## The task
Begin with the line that holds "Рука, касающаяся золотой пшеницы" and retype through the last line of the listing below, exactly; pictures are not part of the copy.

## Dataset content
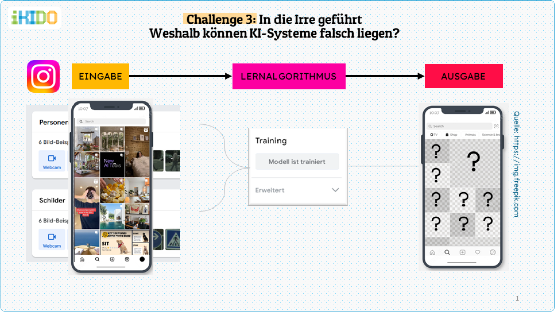 Jugendliche werden entdecken, wie kleine Änderungen einen großen Einfluss auf die Ergebnisse eines KI-Systems haben können. Sie werden begreifen, wie wichtig es ist, beim Training und Testen eines KI-Systems präzise zu sein.
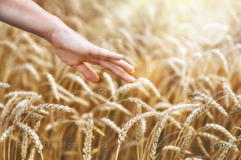 Рука, касающаяся золотой пшеницы
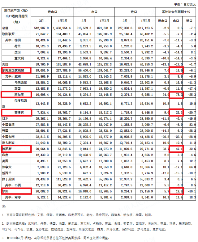 總的來(lái)說(shuō),一季度我國(guó)出口高增長(zhǎng)的支撐主要來(lái)自于東南亞、非洲、俄羅斯等發(fā)展中國(guó)家和新興市場(chǎng)國(guó)家。這一方面源自產(chǎn)業(yè)互補(bǔ)優(yōu)勢(shì)的推動(dòng)作用,另一方面則是“一帶一路”、RCEP等政策紅利持續(xù)釋放的成果。往后來(lái)看,這些地區(qū)將會(huì)是今年外貿(mào)中持續(xù)的亮點(diǎn)。也請(qǐng)絲綢相關(guān)企業(yè)注意。

## Solution to this problem
 Рука, касающаяся золотой пшеницы
 總的來(lái)說(shuō),一季度我國(guó)出口高增長(zhǎng)的支撐主要來(lái)自于東南亞、非洲、俄羅斯等發(fā)展中國(guó)家和新興市場(chǎng)國(guó)家。這一方面源自產(chǎn)業(yè)互補(bǔ)優(yōu)勢(shì)的推動(dòng)作用,另一方面則是“一帶一路”、RCEP等政策紅利持續(xù)釋放的成果。往后來(lái)看,這些地區(qū)將會(huì)是今年外貿(mào)中持續(xù)的亮點(diǎn)。也請(qǐng)絲綢相關(guān)企業(yè)注意。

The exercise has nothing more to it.